Unigestion-Marktanalyse: Jetzt den Fuß etwas vom Gas nehmen

... und Chancen nach einer möglichen Korrektur wahrnehmen

Nach vier aufeinanderfolgenden Monaten ununterbrochener Kursanstiege an den Aktienmärkten, nach den massiven globalen Interventionen von Regierungen und Zentralbanken, die diesen Aufschwung ermöglichten, nach einer bislang unvorstellbaren Abschottung der halben Welt, ist es an der Zeit, das Gleichgewicht der Risiken neu zu bewerten.

Es gilt, das korrekt Vorhergesehene von dem noch nicht Abschätzbaren zu trennen und die kurzfristigen Risiken innerhalb des größeren Horizonts zu erwägen. Obwohl wir aufgrund des „exogenen“ Aspekts des Schocks und der anhaltenden beispiellosen Unterstützung der finanziellen und politischen Behörden weiterhin an ein „V-Szenario“ für die Weltwirtschaft glauben, erscheint das kurzfristige Bild eher uneinheitlich. Wir glauben, dass es eine Reihe von technischen Elementen gibt, die die Marktstimmung in den kommenden Wochen beeinflussen könnten. Daher mäßigen wir unsere Übergewichtung von Growth Assets und ziehen innerhalb unserer Multi-Asset-Portfolios verstärkt Absicherungsstrategien in Betracht.

Saisonalität und technische Faktoren...
 
Während der S&P 500 auf den Stand von Anfang Januar zurückkehrte, war der Anstieg an den Aktienmärkten im Juli gleichmäßiger als in den Vormonaten. Die Streuung zwischen Stilen, Sektoren und Ländern war somit geringer. So lieferten beispielsweise der MSCI World und der gleichgewichtete MSCI World im Juli eine ähnliche Performance, obwohl Ersterer den MSCI World seit Jahresbeginn um 6,7 Prozent übertraf. Ein weiteres Beispiel: Der MSCI World Tech war in diesem Monat nicht der Sektor mit der besten Performance. Obwohl er für den Monat eine positive Performance erzielte (plus 1,9 Prozent), verzeichnete der MSCI Word Utilities eine wesentlich bessere Rendite (plus 6,7 Prozent). Historisch gesehen ist eine breitere und globalere Beteiligung an der Rally ein positives Signal für die zukünftige Performance der Aktienindizes.

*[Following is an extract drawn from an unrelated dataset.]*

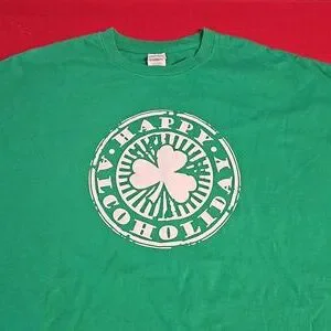 'Happy Alcoholiday' Shamrock clover March 17th graphic tee green 2XL EUC Novelty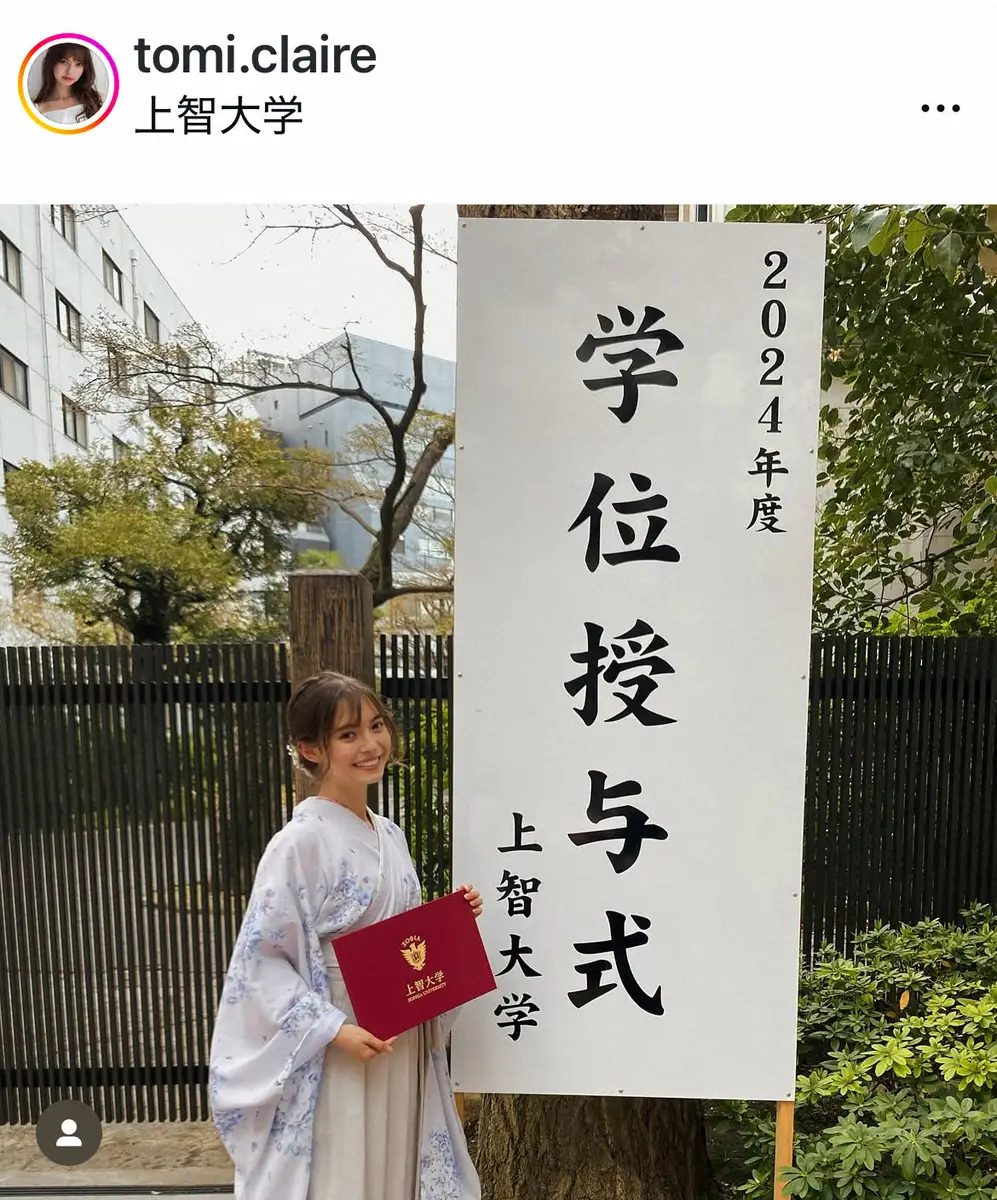 トミコ・クレアのインスタグラム(@tomi.claire)から 米国出身の24歳・美人タレント 名門大学卒業を袴スタイルで報告 「翔ん… ギャラリーで見る この記事のフォト 2025年03月25日の画像一覧 もっと見る 2025年03月25日の画像をもっと見る

Trotz dieser positiven Anzeichen sind wir jedoch der Meinung, dass sich das Risikogleichgewicht für die kommenden Wochen aus mehreren Gründen verschlechtert hat: Der erste ist das Momentum der Rally. Der S&P 500 hat in den vergangenen vier Monaten an Kraft gewonnen und eine Performance von 24,5 Prozent erzielt, verglichen mit durchschnittlich 12,5 Prozent für jeden Anstieg des Index in mindestens vier aufeinander folgenden Monaten seit 1970. Welches Signal vermittelt uns dieser Aufschwung? Seit 1970 ist der S&P 500 in nur 15 Prozent der Fälle seit 1970 in vier oder mehr aufeinanderfolgenden Monaten gestiegen. Die durchschnittliche Rendite in den drei Monaten nach einer solchen Rally ist etwas geringer als normal. Die Performance beträgt 1,9 Prozent mit einer Trefferquote von 69 Prozent gegenüber 2,1 Prozent und einer Trefferquote von 67 Prozent für den gesamten Zeitraum. Kurzfristig also nichts Aufregendes. Längerfristig sieht die Situation viel besser aus. Durch die Verlängerung des Zeithorizonts auf zwölf Monate steigt die Durchschnittsrendite auf 10,7 Prozent mit einer Trefferquote von 86,5 Prozent, was viel besser als normal ist. Dies bestätigt unser Szenario einer kurzfristigen Pause, die unsere positive längerfristige Sicht nicht in Frage stellt.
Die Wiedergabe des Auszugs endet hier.